If you’re an institution thinking about making your catalogue available publicly:
- API access and data dumps are both useful to developers depending on the type of work they’re doing. Data dumps are great for getting a big picture. They can vastly reduce traffic against your API. But a rich API is useful for integrating into existing platforms, especially if they make relatively few queries per page against your API (and if you have a suitable caching strategy in place). For instance, an API is the ideal interface great for supplying data about a few objects to a single page somewhere else on the internet (such as a newspaper article, or an encyclopedia page).
- If you are going to supply flat dumps, do make sure those files are as rich as the API. Try not to flatten structure or relationships that’s contained in the catalogue. That’s not just to help developers write performant software faster; it’s also to help them come to an understanding of the catalogue’s shape.

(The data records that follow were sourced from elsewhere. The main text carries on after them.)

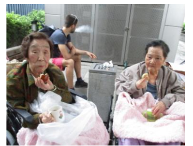
ボランティアさんによる楽しいレクリエーション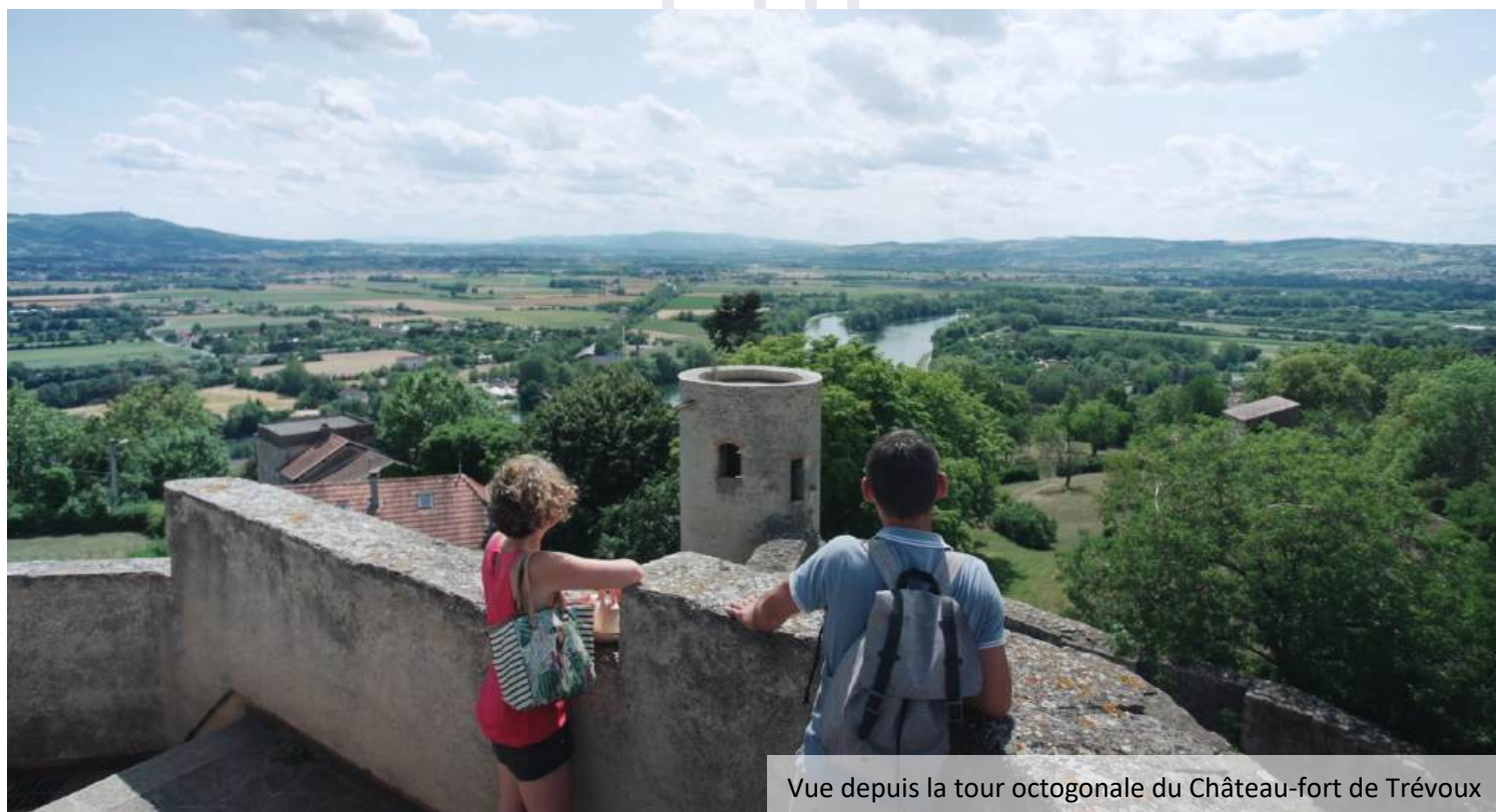
Vue depuis la tour octogonale du Château-fort de Trévoux

Amateurs de grand air, passionnés d'histoires, et amoureux de bonnes tables, des belles surprises vous attendent !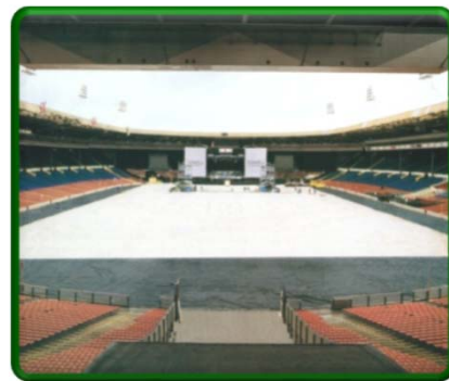
Уэмбли, 1991 г., готов к приёму Рода Стюарта

Первоначально разработанный в 1991 году в ходе консультаций со Стадионом Уэмбли, одной из самых оживлённых мировых концертных площадок, terrapias® сейчас используется во всём мире стадионами/аренами, желающими сделать свои площадки действительно многофункциональными, защитив свои газоны на таких мероприятиях, как концерты, выставки, торжественные ужины, выпускные вечера, политические мероприятия и религиозные церемонии.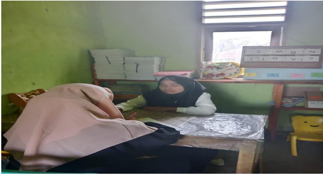
Gambar 5: Wawancara dengan kepala sekolah dan guru RA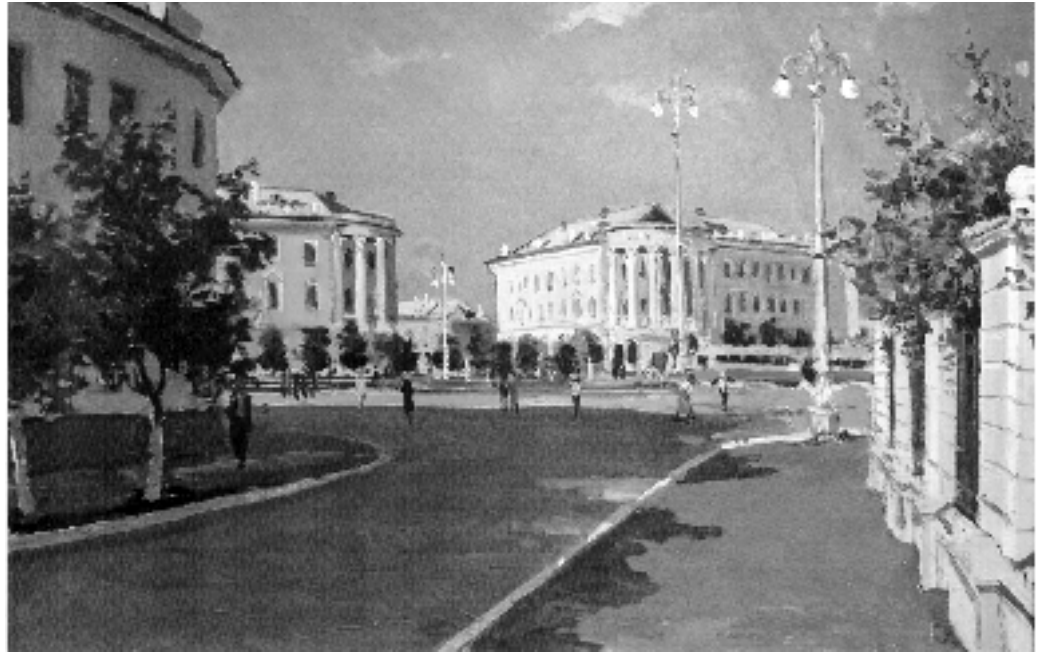
«Вид на площадь им. Горького». 1958 г.

Работы эти, без преувеличения, составляют развернутую живописную летопись Магнитки и ее металлургического гиганта. Промышленные пейзажи, запечатлевшие цеха комбината 50–70-х годов прошлого столетия, портреты передовиков производства и исторических директоров Магнитки соседствуют на страницах издания, выпущенного при поддержке руководства ОАО «ММК», с лиричными картинами уральской природы, полотнами, написанными на исторические сюжеты, лица-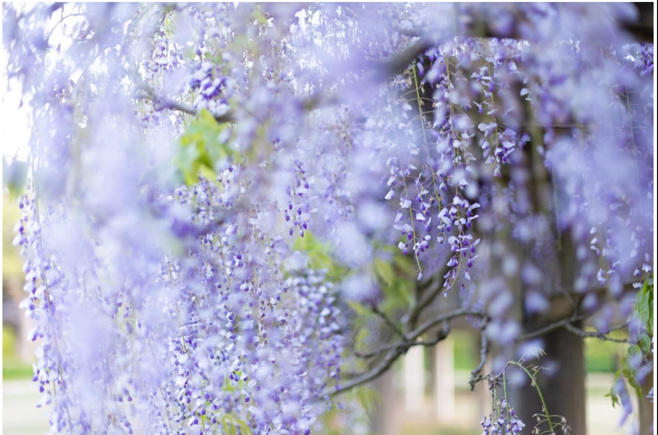
写真：東郷湖羽合臨海公園あやめ池公園の藤の花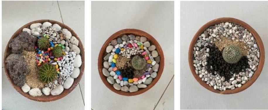
Gambar 4. Produk Lansekap Mini

Produk yang dihasilkan dapat dilihat pada Gambar 4, dimana para Hafiz dan seorang Ustadz yang juga ikut pelatihan ini. Setelah selesai mereka diminta untuk menjelaskan ide lansekap mini mereka masing masing.

- Also, do use the formats of your flat dump files appropriately. Make sure JSON objects are of the right type, rather than just lots of string; use XML attributes as well as element text. If you’re going to supply raw data dumps from, say, an SQL database, make sure that table relations are preserved and suitable indexes already supplied – this might not be what your cataloguing tool automatically generates!

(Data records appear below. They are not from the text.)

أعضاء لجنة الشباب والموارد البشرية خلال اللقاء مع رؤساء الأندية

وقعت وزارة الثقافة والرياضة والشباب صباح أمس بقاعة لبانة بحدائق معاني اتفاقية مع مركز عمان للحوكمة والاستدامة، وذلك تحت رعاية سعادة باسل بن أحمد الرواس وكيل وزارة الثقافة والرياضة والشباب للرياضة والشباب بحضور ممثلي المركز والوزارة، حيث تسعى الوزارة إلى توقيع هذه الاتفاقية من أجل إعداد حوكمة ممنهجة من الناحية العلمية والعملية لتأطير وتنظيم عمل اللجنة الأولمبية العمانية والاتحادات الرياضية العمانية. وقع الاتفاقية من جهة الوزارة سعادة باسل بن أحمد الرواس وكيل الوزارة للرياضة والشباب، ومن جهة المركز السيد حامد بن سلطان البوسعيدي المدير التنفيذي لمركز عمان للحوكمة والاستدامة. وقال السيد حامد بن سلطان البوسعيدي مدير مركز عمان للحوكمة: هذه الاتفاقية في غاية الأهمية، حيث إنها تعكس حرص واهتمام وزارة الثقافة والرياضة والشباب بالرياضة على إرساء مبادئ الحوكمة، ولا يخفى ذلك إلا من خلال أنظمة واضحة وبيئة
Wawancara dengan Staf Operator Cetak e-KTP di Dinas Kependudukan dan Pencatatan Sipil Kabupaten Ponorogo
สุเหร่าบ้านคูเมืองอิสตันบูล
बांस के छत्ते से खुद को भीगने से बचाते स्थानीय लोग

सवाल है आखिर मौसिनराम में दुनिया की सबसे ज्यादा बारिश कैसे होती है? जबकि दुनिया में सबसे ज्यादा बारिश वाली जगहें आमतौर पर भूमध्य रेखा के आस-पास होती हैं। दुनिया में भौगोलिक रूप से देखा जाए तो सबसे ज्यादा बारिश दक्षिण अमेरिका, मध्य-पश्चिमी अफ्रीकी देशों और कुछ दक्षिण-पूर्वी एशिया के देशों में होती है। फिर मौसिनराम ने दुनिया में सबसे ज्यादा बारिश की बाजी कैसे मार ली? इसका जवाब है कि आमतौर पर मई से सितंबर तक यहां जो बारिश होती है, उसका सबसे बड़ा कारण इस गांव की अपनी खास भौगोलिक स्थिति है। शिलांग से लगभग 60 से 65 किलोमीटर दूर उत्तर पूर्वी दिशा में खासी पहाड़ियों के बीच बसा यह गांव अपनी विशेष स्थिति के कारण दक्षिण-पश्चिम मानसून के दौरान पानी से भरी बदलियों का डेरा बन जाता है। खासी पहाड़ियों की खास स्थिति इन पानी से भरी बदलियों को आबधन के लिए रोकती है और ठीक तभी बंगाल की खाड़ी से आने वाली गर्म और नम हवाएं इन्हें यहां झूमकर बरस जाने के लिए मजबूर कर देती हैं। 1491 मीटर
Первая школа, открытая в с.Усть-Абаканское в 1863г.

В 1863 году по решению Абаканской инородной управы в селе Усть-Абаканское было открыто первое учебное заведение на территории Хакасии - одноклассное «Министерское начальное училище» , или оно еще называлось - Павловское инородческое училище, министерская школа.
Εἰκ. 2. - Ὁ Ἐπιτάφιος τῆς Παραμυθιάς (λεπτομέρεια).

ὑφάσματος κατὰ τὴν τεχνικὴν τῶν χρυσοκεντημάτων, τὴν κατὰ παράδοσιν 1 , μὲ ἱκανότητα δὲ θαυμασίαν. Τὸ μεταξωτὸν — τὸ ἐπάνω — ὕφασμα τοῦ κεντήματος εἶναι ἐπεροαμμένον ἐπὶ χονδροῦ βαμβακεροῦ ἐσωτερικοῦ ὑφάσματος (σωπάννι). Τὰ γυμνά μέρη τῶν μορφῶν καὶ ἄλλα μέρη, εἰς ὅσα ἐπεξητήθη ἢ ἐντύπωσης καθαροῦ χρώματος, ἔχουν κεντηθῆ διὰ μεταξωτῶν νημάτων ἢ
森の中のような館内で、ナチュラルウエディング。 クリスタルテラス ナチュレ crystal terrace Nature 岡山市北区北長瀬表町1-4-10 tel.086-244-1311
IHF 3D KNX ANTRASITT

- Make sure to use as many non-proprietary formats as possible. A particular database’s form of SQL is nice for developers who use that software, but most developers will be at least as happy slurping JSON/CSV/XML into their own data store of choice. You might not be saving them time by supplying a more complex format, and you’ll reach a wider potential audience with more generic formats.
- Don’t assume that CSV is irrelevant. Although it’s not as rich or immediately useful as structured data, it’s easily manipulable by non-technical members of a team in tools such as Excel or OpenRefine. It’s also a really good first port of call for just seeing what’s supplied. If you are going to supply CSV, splitting your catalogue into many smaller files is much preferable to a single, hundreds-of-megabytes file.
- “Explorer” type interfaces are also a helpful way for a developer to learn more about the dataset before downloading it and spinning up their own code. The V&A Query Builder, for instance, already gives a developer a feel for the shape of the data, what building queries looks like, and clicking through to the full data for a single object.
- Documentation is always welcome, however good your data and API! In particular, explaining domain-specific terms – be they specific to your own institution, or to your cataloguing platform – is incredibly helpful; not all developers have expert knowledge of the cultural sector.
- Have a way for developers to contact somebody who knows about the public catalogue data. This isn’t just for troubleshooting; it’s also so they can show you what they’re up to. Making your catalogue available should be a net benefit to you, and making sure you have ways to capitalize on that is important!